Almost every estate plan can benefit from a living trust. There’s a lot to love about living trusts: they can keep your assets out of probate, allowing them to pass seamlessly to your heirs; they allow you to control and use the assets during your life, and even to place conditions on their use and distribution after your death. They’re relatively simple to update or even revoke, should you so choose.
Unfortunately, just having a living trust isn’t enough to assure you all of these benefits. There are many ways that a small error or failure to take action can render your trust less effective, or completely useless. If you’re relying on the trust to carry out your wishes, that could mean disaster for your intended beneficiaries. At the very least, it will certainly mean a legal headache. Learn how to make sure your living trust does just what you want it to by avoiding these seven problems.
Your Trust Isn’t Funded
Many a person has walked out of their estate planning attorney’s office with a sense of satisfaction that they’ve “gotten their affairs in order” by creating a trust. But creating the trust is only the beginning. A trust that is not funded is only an empty vehicle. To make it useful, you need to place assets in the trust by titling them in the name of the trust. This means changing the name on your bank account, for instance, from “John Q. Smith” to “The John Q. Smith Revocable Living Trust” or executing a deed for your house from yourself to the trust. If the prospect of funding your trust is intimidating, make a list of the assets you want to place in it and consult with your estate planning attorney as to what you need to do to fund the trust.
You Don’t Have a Pour-Over Will
Even if you’ve funded your trust, you’re almost sure to have assets outside the trust, such as after-acquired assets and personal property. A pour-over will is simply a will that directs that any property you own in your sole name at your death is to be “poured” into the trust and distributed according to the terms of the trust. This will may still have to go through probate, though, so don’t neglect to fund the trust during your life in favor of relying on the pour-over will.

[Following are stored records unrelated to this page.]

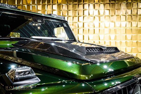 车身安装一组宽体之星套件,车身宽度增加8cm。前脸设计更加运动,进气口加大增加散热效率。世界上性能最强的全地形越野车之一,其简洁明朗的线条勾勒出越野车应有的刚劲线条,又有奔驰家族特有的豪华与古典气质。平实的表面和简约的直线赋予了G级车独特的风格。
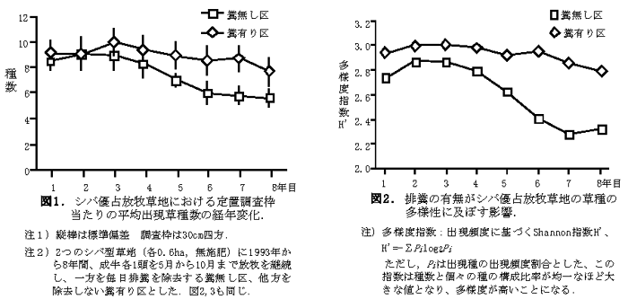 放牧牛の排糞はシバ型草地植生の種多様性を維持する |
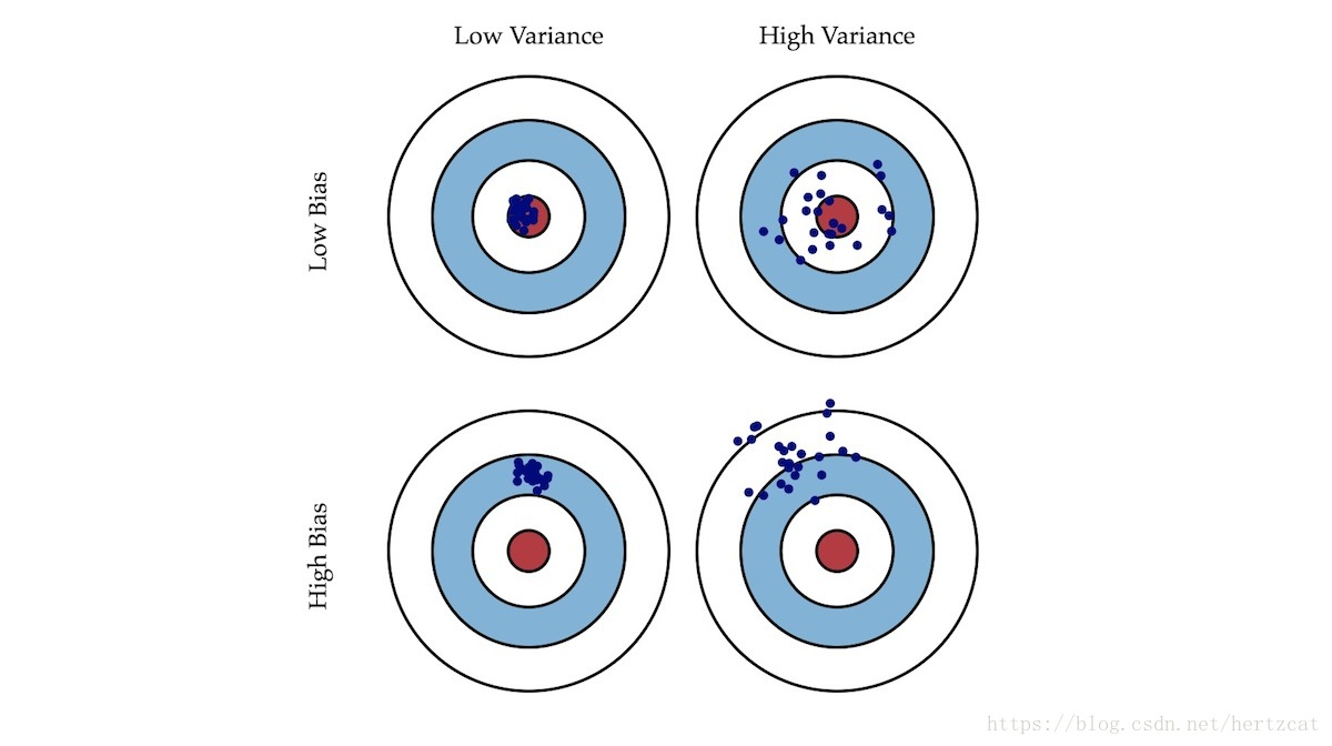 就像打靶一样,偏差描述了我们的射击总体是否偏离了我们的目标,而方差描述了射击准不准。如下图:
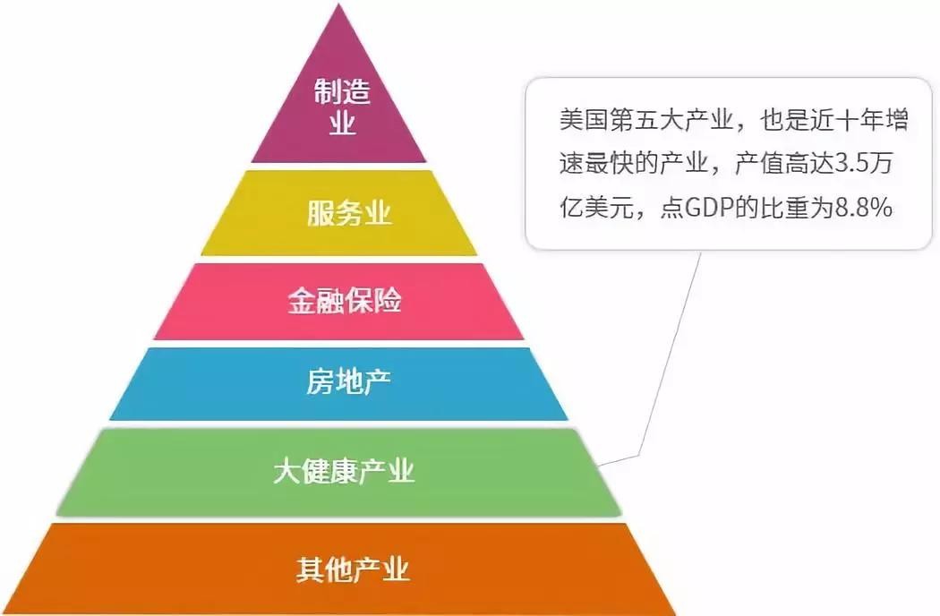 目前,起源于1963年的美国大健康产业,堪称近十年增速最快的产业,仅次于制造业、房地产业等大产业,尤其在美国2008年金融危机之后,可以说,健康产业已经成为美国经济的支柱产业。
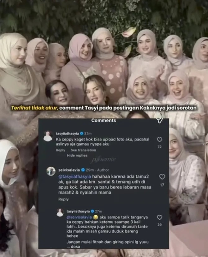 Rupanya komentar dari Tasyi itu ditanggai oleh Ceppy. Dia kemudian menjelaskan alasannya mengunggah foto itu karena ada tamu yang tak melihat kehadirannya di momen kumpul keluarga tersebut.
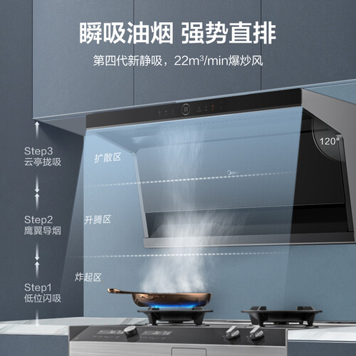 搭载有直流变频4.0强劲内芯,能够在使用时爆发450Pa静压,横扫油烟。主动降噪系统抑制噪声,低噪声享受烹饪。
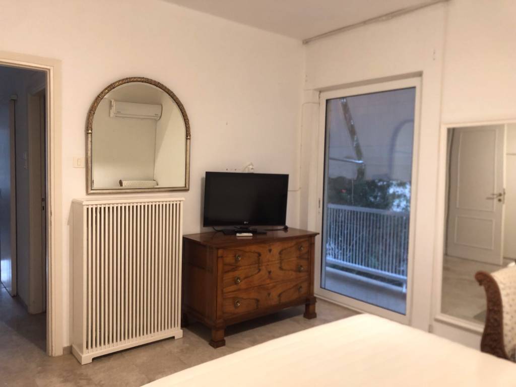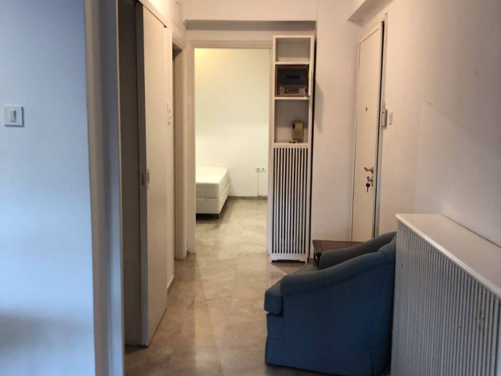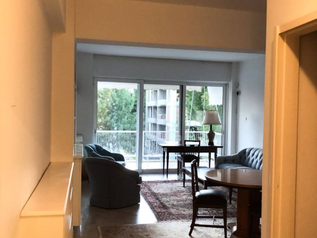 57 sq.m apartment available in the Voula area, next to a large park and 2 blocks from the ocean and Notos Cafe. As you walk into the unit, one enters into a hallway, and to the left is an open floor plan with a wall-to-wall sliding balcony door leading out to a balcony and expansive views of greenery, garden along with a partial view of the ocean. The floor plan includes the Living Room, Dining and Kitchen. Straight ahead upon entry is a fully equipped bathroom which includes a washing machine, and to the right upon entry is a good size bedroom with wall-to-wall closets. The entire apartment is surrounded by balconies and greenery. There's also an alarm system with camera's should someone be interested - currently not activated.
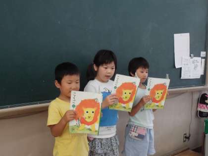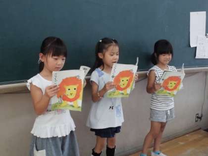 夏休みまであと少しとなりました。今日は,国語の時間に学習した「おおきなかぶ」の音読発表会をしました。グループで話し合って,一人で読むところ,みんなで読むところなどを決めました。動作を入れて読んでいるグループもありました。どのグループも大きな声で元気よくがんばって読むことができました。
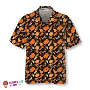 Guitar Turkey Thanksgiving Unisex Hawaiian Shirt with Pumpkin Motif
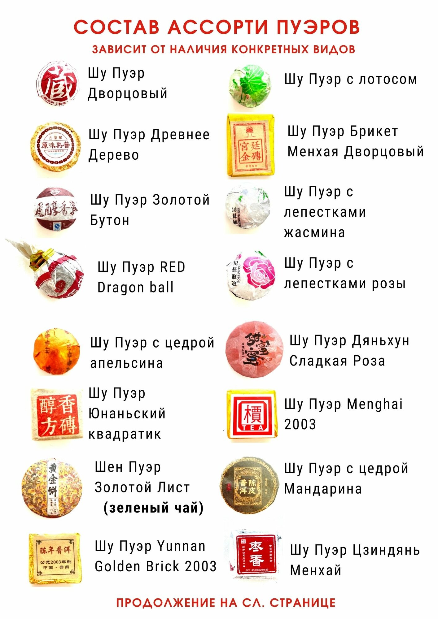 | Дополнительная информация | Китайский прессованный чай черный, зеленый шу и шен пуэр |
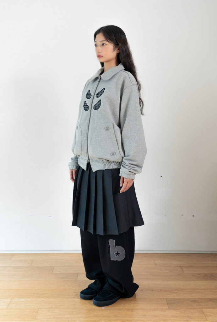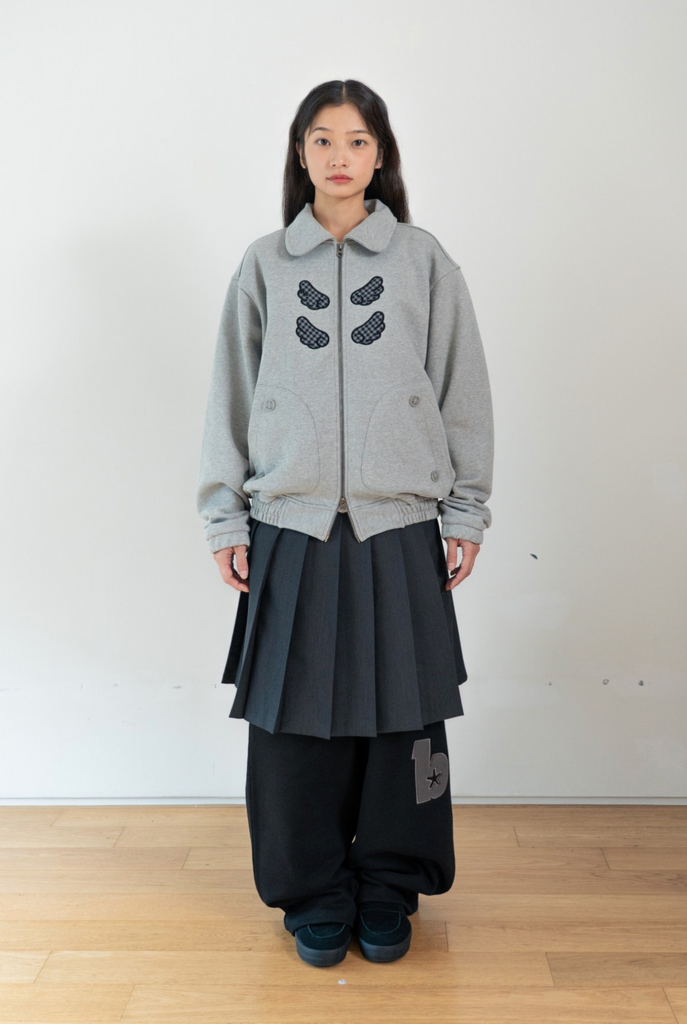 [BAUF] Angel Collar Zip-Up Jacket [Gray]

You Picked the Wrong Successor Trustee(s)
Don’t pick a trustee for the wrong reasons. You will be the trustee of your living trust during your life, but you will need to name a successor trustee to administer and distribute trust assets after your death. It’s common for people to name someone they love, but love isn’t enough to make your trust effective. If your brother is terrible at managing money, don’t choose him. If your best friend has a heart of gold, but also a gambling problem, she’s not your best option. You don’t need to pick a financial genius, but your successor trustee should be diligent, smart, and ethical. And if you plan to name co-trustees, such as two adult children, make sure they can work well together.
The Trust is Outdated
To some extent, a trust is “set it and forget it.” But if your trust was created years ago, changes in the law may serve to make the trust less effective for your goals than it could be. Consult with your estate planning attorney every few years to make sure your trust is still in a format that will meet your needs. Similarly, make sure that you regularly update your schedule of assets, so a successor trustee will know what’s actually in the trust.
Your Trust Names Dead Beneficiaries (or Trustees)
Just as changes in the law can affect your trust, so can changes in your life. This one may seem obvious, but if you have named in your will a beneficiary or successor trustee who has passed away, it’s time to update your trust. You may also wish to consider if other circumstances have changed such that you no longer want a named trustee to serve, or a named beneficiary to inherit from you. Likewise, if one of your trustees has become legally incompetent due to dementia or another reason, it’s time for an update.
Your Trust Wasn’t Properly Executed
If you had your trust prepared by an experienced Michigan estate planning attorney, this is much less likely to be an issue, but many people prepare trusts using online legal services which don’t provide appropriate guidance or support. A surprising number of people forget to sign their trusts, which makes them legally ineffective. Other errors in execution, such as failing to have witnesses or to get the trust notarized, can also lead to legal difficulties down the road.
Your Loved Ones Don’t Know How to Find Your Trust
You need not share every detail of your trust with your loved ones before your death, but at a minimum, more than one person should know that you have a trust, and where to find it. Otherwise, they may assume you didn’t have an estate plan, and all your assets may end up going through probate, possibly being distributed to people other than those you intended. If you want to keep your trust private, ask your estate planning attorney to keep it on file, and let your loved ones know whom to contact in the event of your death.